The 2016 election season in Brazil put Ctrl+X, a platform created to monitor lawsuits that demand the removal of content from the internet, to the test. The site found that “electoral lawsuits,” one of the subsets of legal proceedings tracked by the site, increased 33 percent in recent municipal elections in 2016 when compared to the elections of 2012. In many of these cases, politicians and parties go through designated electoral courts to sue journalists and get information removed from the internet.

There were 559 court actions this year compared with 419 in the elections of 2012, according to Ctrl+X, a platform from the Brazilian Association of Investigative Journalism (Abraji for its acronym in Portuguese).

The project, which maps lawsuits against the disclosure of information in Brazil, recorded another alarming fact: requests for prior censorship skyrocketed in the last elections. The legal processes that include this restriction quadrupled compared to 2012 elections, from 23 to 93 cases.

Between 2002 and 2016, according to a survey from Ctrl+X, about 10 percent of electoral lawsuits included requests for prior censorship. Among these cases, nearly 20 percent were granted by the judge, meaning that the outlet, company or journalist were forbidden to publish, in the future, any information about a particular subject or person.

“Those are lawsuits that, in addition to demanding the withdrawal of content, ask the company to not publish some information in the future. Something that, according to them, can hurt the honor and dignity of a candidate, for example. Then the journalist has to guess whether the candidate will be offended or not. It’s a kind of censorship to prevent information, even before it is published, from reaching the population,” said journalist Tiago Mali, coordinator of Ctrl+X, to the Knight Center.
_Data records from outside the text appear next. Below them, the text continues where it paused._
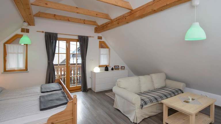 Das Rustic House 13 befindet sich in der malerischen Region Bohinj in Gorenjska. Die Umgebung ist von wunderschöner Natur geprägt und bietet zahlreiche Möglichkeiten für Outdoor-Aktivitäten wie Wandern und Skifahren. Der Aquapark & Wellness Bohinj ist nur 7,2 km entfernt und die berühmte Insel Bled erreichen Sie nach einer kurzen Fahrt von 23 km. Der Flughafen Ljubljana ist mit einer Entfernung von 57 km gut erreichbar.
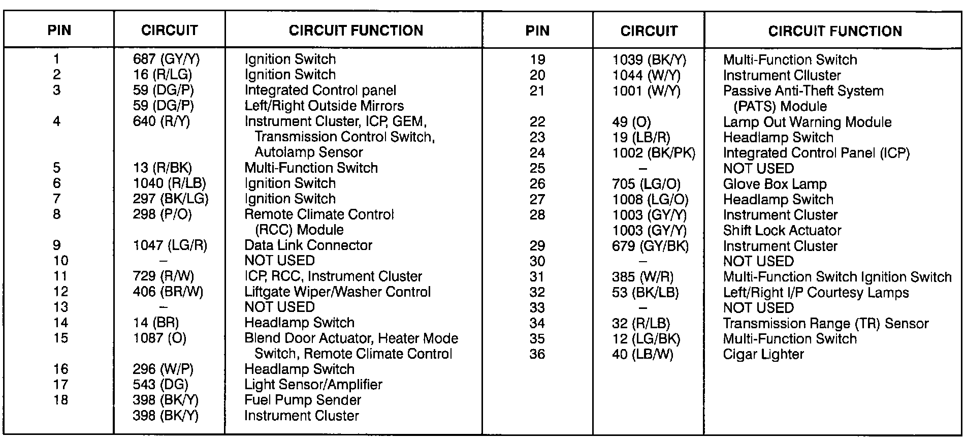 Instrument Panel Fuse Panel (Part 1 Of 2) (C247):
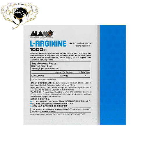 ویال ال آرژنین 1000 آلامو با جذب سریع، افزایش پمپاژ خون، انرژی و استقامت، بهترین انتخاب برای تمرینات سنگین و بدنسازی حرفهای است.

According to Mali, knowing how the judiciary works can explain this high approval rate for applications for prior censorship.

“During elections, these judges, who in most cases are not electoral judges, are recruited by the electoral courts to help judge this kind of case. So they often have no experience in this area,” Mali said.

Additionally, the judges are pressured to decide quickly to prevent a candidate from being damaged in the campaign and from interfering with the outcome of the election.

"Some judges are very sensitive to the argument that if we do not remove the information, it is possible that the candidate will lose the election. So the judge ends up acting out of precaution, but may, in some cases, override the merit of the news, whether it is legitimate or not, without thinking about issues such as freedom of information and expression,” Mali said.

According to the project, more than 100 media outlets were sued during the 2016 elections. Abraji is especially concerned with the cases of regional newspapers on the municipal or district level, bloggers and small media companies, which don’t have the infrastructure to defend themselves in court.

According to Mali, traditional media companies are sued more often, in terms of the total number of legal actions, but they have legal departments that can protect journalists.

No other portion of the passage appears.